LMs_by_sex_and_type %>% 
  select(-data, -fit) %>% 
  filter(term == "bodyweight_kg") %>% 
  knitr::kable(caption = "Inercepts for lifted weight by bodyweight by sex and type of lifting")
Inercepts for lifted weight by bodyweight by sex and type of lifting
sex type term estimate std.error statistic p.value
M best3squat_kg bodyweight_kg 1.7301136 0.0154233 112.17530 0
F best3squat_kg bodyweight_kg 1.3466930 0.0213294 63.13781 0
M best3bench_kg bodyweight_kg 1.3672329 0.0104211 131.19822 0
F best3bench_kg bodyweight_kg 0.9039786 0.0129411 69.85324 0
M best3deadlift_kg bodyweight_kg 1.2396643 0.0127121 97.51838 0
F best3deadlift_kg bodyweight_kg 0.9465361 0.0168002 56.34075 0

Neat, everything is significant.

Visualize

To visualize, we can use this table, or plot the raw data and use geom_smooth while faceting by sex and type.

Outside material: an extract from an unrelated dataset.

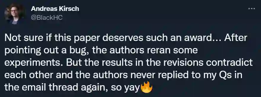 一次性评选出 15 篇杰出论文,这个不同于寻常的做法引起了研究者们的关注。与此同时,部分获奖论文的内容也在推特上引起了强烈的争议。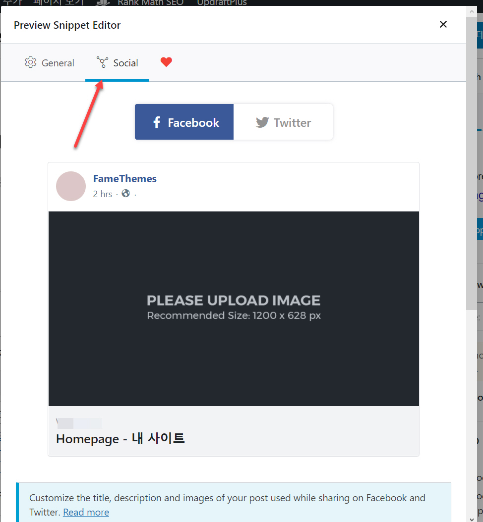 마찬가지로 Social 탭을 클릭하여 페이스북 등 SNS에 공유할 때 표시할 제목과 설명을 지정할 수 있습니다.

LMs_by_sex_and_type_wide <- 
  LMs_by_sex_and_type %>% 
  select(sex, type, term, estimate) %>% 
  spread(term, estimate) %>% 
  rename("Intercept" = `(Intercept)`) %>% 
  rename("Slope" = bodyweight_kg)

ggplot(data = LMs_by_sex_and_type_wide) +
  # aes(group=interaction(sex, type)) +
  geom_abline(size = 1,
              aes(
                slope = Slope,
                intercept = Intercept,
                color = type,
                linetype = sex
              )) +
  # since we don't have mapping for x and y
  # the slope lines are not visible
  # add manual axis limits to see them
  scale_x_continuous(limits = c(0, 100)) +
  scale_y_continuous(limits = c(0, 200)) +
  labs(x="bodyweight (kg)") +
  labs(y="weight lifter (kg)") +
  theme_bw() +
  theme(legend.position="top")

Then you can ask are slopes for women higher than men? Are slopes significantly different from each other (maybe use likelihood ratio test or anova to compare models).